Tuesday, August 23, 2005

Wearing of the Black Hat

Here's the deal. I'm having some trouble being evil.

Don't get me wrong. I ain't no saint. I mean, I can be as petty and snarky and nasty as the next woman. I'm self-centered and selfish and quite often just as jerky as everyone else driving in the car pool line. I actually enhaled (but it didn't work, and I still don't get what's so great about it), I don't think all children are God's precious little angels, and I've been known to drive well over the posted speed limit on more than one occasion.

My problem is that my mind doesn't work in the way that lets me put myself in the shoes of my villains. Going with that whole "the writer needs to know her characters inside and out" theory, I'm having a bit of trouble with my bad guys.

The other morning I woke up with a villain in my brain. And as a sidebar here, I've determined that all of my best writing ideas and solutions come to me in those minutes when I first wake up, when I'm still lying in bed, contemplating whatever I've recently dreamt. I experience the most amazing thoughts during those precious moments. My pre-shower-moments moments.

Anyway, I woke up with the perfect solution of who the bad guy would be in a story I'm working on. The heroine is trying to track down a rapist (novel idea, right?) but I had no idea of who that rapist was or why he did what he did and all of those important things that are kind of necessary to actually have, you know, a story. But like a light switch flipping to on, it all came to me that morning. Everything. Who he was. Why he was doing the bad things he was doing. Even a back story that would tie him to the heroine in the ways I needed. The perfect villain.

Except, most of the time, my villains don't come this easily. Most of the time I cannot fathom what would drive a person to murder or abuse or even other less personal crimes like kicking a dog or taking money from sweet little old ladies. When I sit down to do a character sketch of my villains, I draw a complete blank.

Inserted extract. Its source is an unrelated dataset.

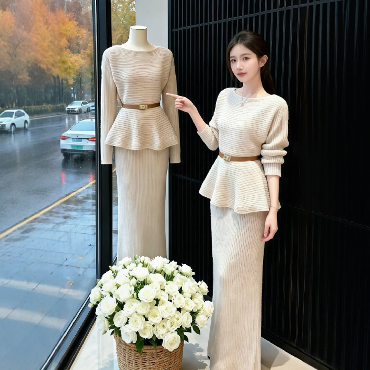- 秋冬套装包臀裙 两件套

So I fall back on every stereotype spoonfed to me over thirty-five-plus years of television, movies, popular fiction, and even some classics. Except it doesn't work because I end up with silly bad guys. Boring bad guys. Bad guys who are just cardboard copies of Snidely Whiplash.

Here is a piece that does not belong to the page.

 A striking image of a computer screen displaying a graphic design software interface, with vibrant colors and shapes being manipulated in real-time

I think this is because when I come up with an idea for a story, I don't need a bad guy with an interesting personality. When I'm fleshing out my hero and heroine and the trials and tribulations they will endure, I just need a person who makes Bad Things happen when I need them to happen. Studly Green Beret and Susie Archeologist are on the run from Evil Tribal Warlord. Who cares if Evil Tribal Warlord's father traded his favorite goat as part of his older sister's dowry when ETW was only six? I just need him to carry a really big gun and have enough charisma to lead a gang of thugs who can run really fast through the jungle and have a craving for innocent White Woman With Golden Hair nookie.

But, since I've determined to be one of those writers who eventually sells one of her books and - since I'm dreaming big here - plans to be more than a one-hit wonder (said in the loosest sense of the word "wonder"), I can't do this. I can't afford Cartoon Villains. I need bad guys who are real enough that they are actually scary. And real threats to the hero and heroine so that the reader is inspired to keep turning those pages because she really has no idea if things will turn out okay in the end.

Of course, I hit the wall whenever I try to think Evil. I come to a full stop whenever I try to imagine what might incite me to kill someone. Short of a person threatening the lives of my children, I cannot imagine what it would take for me to commit murder. How in the world can I put myself into the mind of a serial killer enough to make him real?

I've tried research. And it does help. I've discovered there are different types of rapists and what motivates each one and common characteristics. I can kind of fake it a little bit, I think.

I've read book after book about the Middle East, trying for the life of me to understand a mindset that allows extreme Islamic fundamentalists to kill so many innocents in the name of their beliefs. This one, however, is beyond my pale. I cannot get beyond the gaping horror I feel and my complete conviction that these people really do not think with fully balanced minds. I can't get over the conclusion that they are all flipping nut cases. So any terrorists that find their way into my stories will probably end up as raving lunatics with no more motivation than they kill simply because no one has killed them first.

I've heard many an actor claim that playing a villain is way more fun than playing the good guy. There's the chance to really go against your own psyche and let the animal in you run loose. I suppose I need to dig deeper to find that depraved creature living inside me. Not the one that would encourage me to eat an entire bowl of unbaked yellow cake batter, but the one who could be joyful when watching other people suffer for no other reason than I was the one in control.

Maybe what I should do is just imagine how I feel when the biggest idiots on the planet, those insane, obnoxious drivers I encounter so frequently on Chicago's expressways, cut me off after I've been waiting to merge ever so patiently onto or off of the road. You know, the ones who drive on the shoulder or in the exit only lane until the very last second, at which time they cut in front of you like they are far too important to wait their turn as the rest of us peons have done. At moments like those, I truly believe I'm capable of murder. I know real, gut wrenching rage and hate, the kind that someone surely would have to feel to be a true villain.

How good it would feel if for a few unpunishable seconds, I could actually release that monster within. That ought to get me through some pretty goulish scenes.